The 4-step "search → assess answerability → answer" structure is broadly applicable to any long-context QA setting.
Simultaneously high WA and WoA accuracy is the true requirement in compliance scenarios — answering correctly is insufficient; knowing when to abstain is equally critical.
ESG analysis represents a high-value application domain for LLM hallucination mitigation, given the legal demand for accuracy.

Limitations & Future Work¶

Only 270 QA pairs — the dataset is small in scale.
Only 3–7B models are evaluated — the behavior of larger models remains unknown.
Limited analysis of multimodal content (tables and figures).
GPT-4o-generated questions may introduce selection bias.
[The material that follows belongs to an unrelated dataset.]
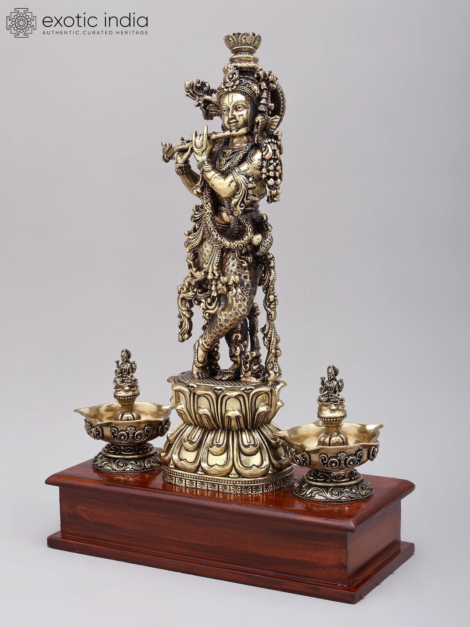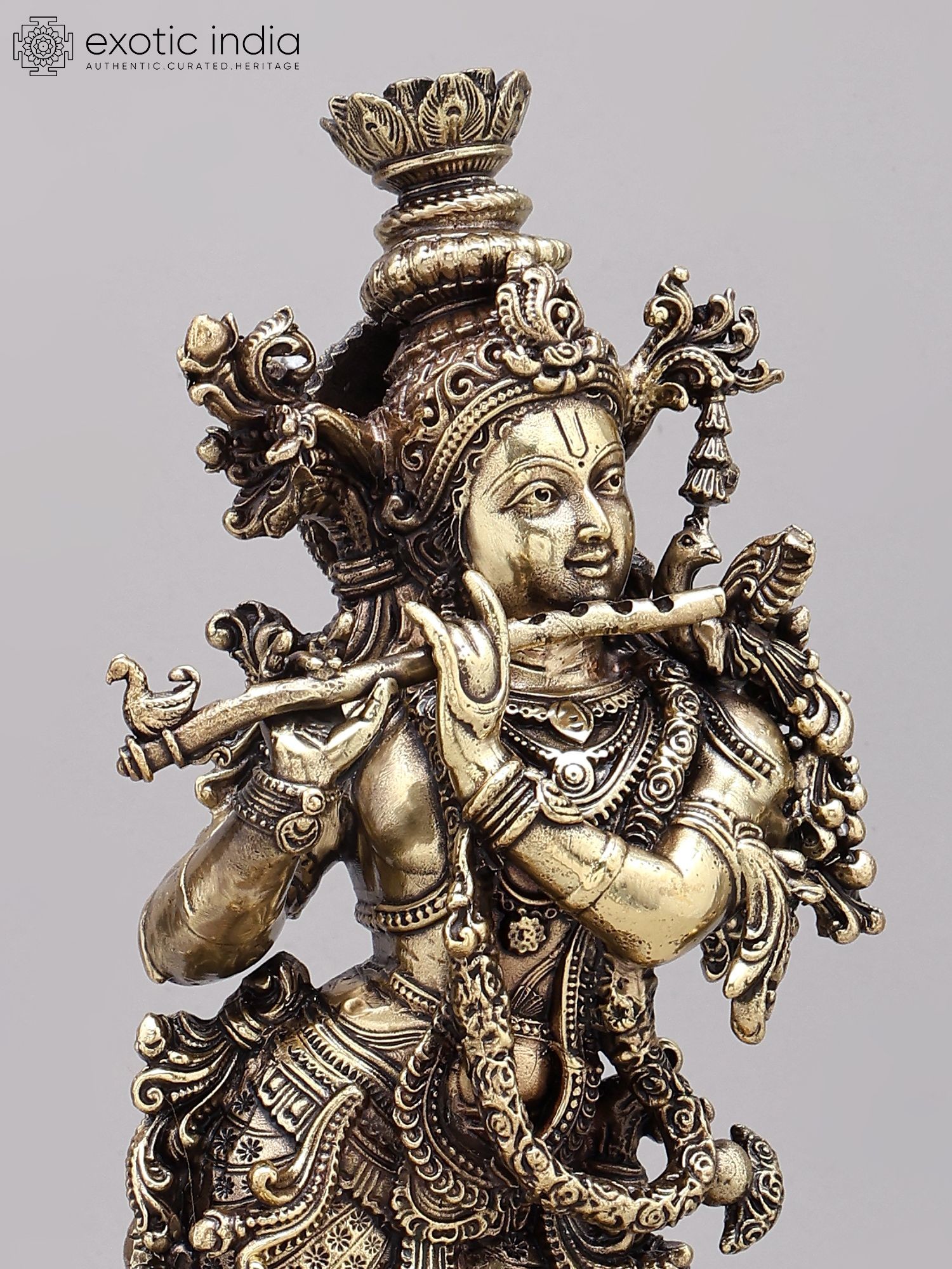 18" Brass Fluting Krishna | Handmade
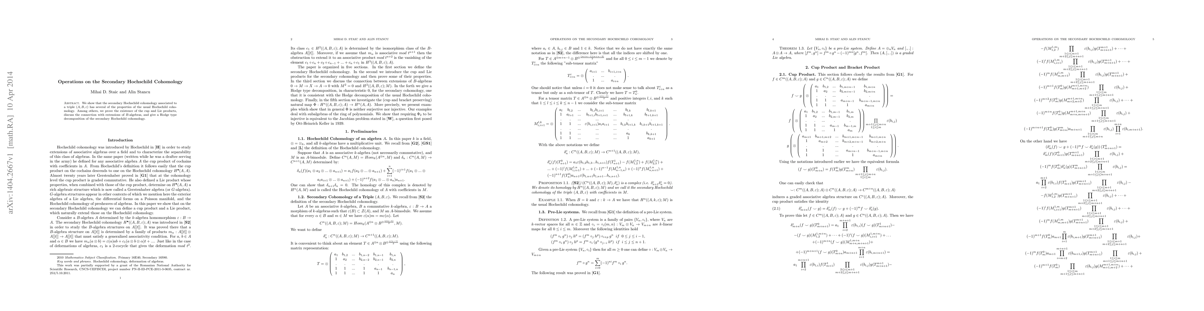 We show that the secondary Hochschild cohomology associated to a triple $(A,B,\varepsilon)$ has several of the properties of the usual Hochschild cohomology. Among others, we prove the existence of the cup and Lie products, discuss the connection with extensions of $B$-algebras, and give a Hodge type decomposition of the secondary Hochschild cohomology.

vs. HaluEval: A general-purpose hallucination benchmark. ESG-Bench targets a specific, high-risk domain.
vs. LongBench: A long-context benchmark that does not evaluate abstention capability.
The 4-step CoT method is transferable to legal and medical document analysis.

Rating¶

Novelty: ⭐⭐⭐⭐ — First long-context hallucination mitigation benchmark in the ESG domain, filling a significant gap in financial NLP.
Experimental Thoroughness: ⭐⭐⭐⭐ — Three models, three-stage method, and cross-domain transfer validation, though dataset scale is limited.
Writing Quality: ⭐⭐⭐⭐ — The progressive method design is clearly presented, with a well-motivated transition from baseline to chunking to CoT.
Value: ⭐⭐⭐⭐ — Practically valuable for compliance AI and long-context hallucination mitigation; the 4-step CoT is generalizable to legal and medical document analysis.

Additional Notes¶

ESG report analysis is an important application area in financial NLP. This benchmark fills a gap in long-context compliance evaluation and serves as a useful reference for financial AI applications.